By pulling out of the running to be the next secretary of Veterans Affairs, Cleveland Clinic head Toby Cosgrove has given the administration a chance to think harder about what the VA needs most right now. Does it need an excellent director of an innovative, medium-scale health-care center? Or does it need somebody who can run an army of middle managers on a tight budget?
It isn't hard to see why Cosgrove's name was warmly received. One of the VA's most obvious problems is that veterans can't get doctor's appointments in a reasonable amount of time. The Cleveland Clinic is really good at that. But then again, it took in $4.7 billion in 2012 -- $300 million more than it spent, and enough to leave it with $2.7 billion in net assets. It is an organization with ample resources to devote to innovative care.

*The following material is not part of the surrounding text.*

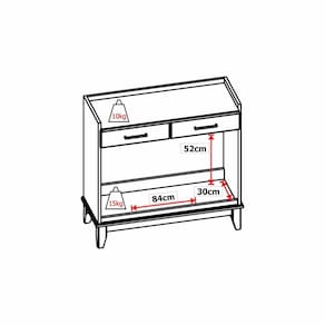 As duas gavetas com trilhos telescópicos garantem abertura suave e total, facilitando o acesso aos objetos do dia a dia. Conta ainda com puxadores metálicos e pés maciços, proporcionando mais estabilidade e um visual contemporâneo.
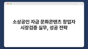 소상공인 자금 문화콘텐츠 창업자 시장검증 실무, 성공 전략

The contrast with the VA is stark. The agency's funding has more than doubled since 2003, but so has its caseload of veterans with the greatest levels of disability -- so-called Priority 1 patients. In fact, after adjusting for inflation, spending per Priority 1 patient fell from 2009 to 2012, when it was lower than in 2004. It also has a shortage of doctors, which is probably related to below-average pay.
(An agreement between Senators Bernie Sanders of Vermont and John McCain of Arizona would increase that funding, though it isn't yet clear by how much, or whether the proposal will become law.)
Another difference between the VA and the Cleveland Clinic is the type of patients it serves. The single largest group of VA patients is those known as Priority 5 -- veterans with no service-related conditions, but who qualify for VA care based on low income or are "catastrophically disabled." That group made up one-quarter of VA patients in 2012. The Cleveland Clinic, by contrast, serves some low-income patients through Medicaid and charity care, but that's not its focus; it had patients last year from more than 130 countries. It's a destination for people who can afford to go anywhere.
So the ideal person to run the VA is probably somebody who's comfortable operating under significant revenue constraints; somebody who's used to dealing with a patient population with high rates of poverty, chronic conditions, mental illness and substance abuse; and most important, somebody with experience managing a huge and far-flung health-care system with facilities across the country. Where would the administration find such a person?
A good start might be the nation's largest hospital systems, whose administrative and financial burdens look a lot like the VA's. Take, for example, Community Health Systems Inc., which runs 135 hospitals in 29 states, or the HCA, with 165 hospitals in 20 states.
What those companies are good at is precisely what the VA has to do better: Managing sprawling networks of hospitals, doctors and staff, on tight budgets, with large populations of poor patients, while meeting high expectations. Unlike the Cleveland Clinic, their primary goal isn't innovative care; it's keeping the vast machinery running properly.
Of course, recruiting the head of a for-profit company may strike some as inviting a culture clash. And for-profit hospitals haven't always been run by choirboys, especially in the case of HCA. But as the past few weeks have amply demonstrated, the VA could probably use a dose of business culture -- not just in terms of efficiently managing large numbers of staff, but acting as though patient satisfaction matters.
There's no reason to think that Cosgrove couldn't do all of these things. But whoever gets the nod to run the VA will need to figure out what sent the agency so far off track in the first place, and fix it with less money than seems necessary -- something that will be true even if the Sanders-McCain proposal takes off. That takes more than a good leader. It takes a bureaucratic ninja.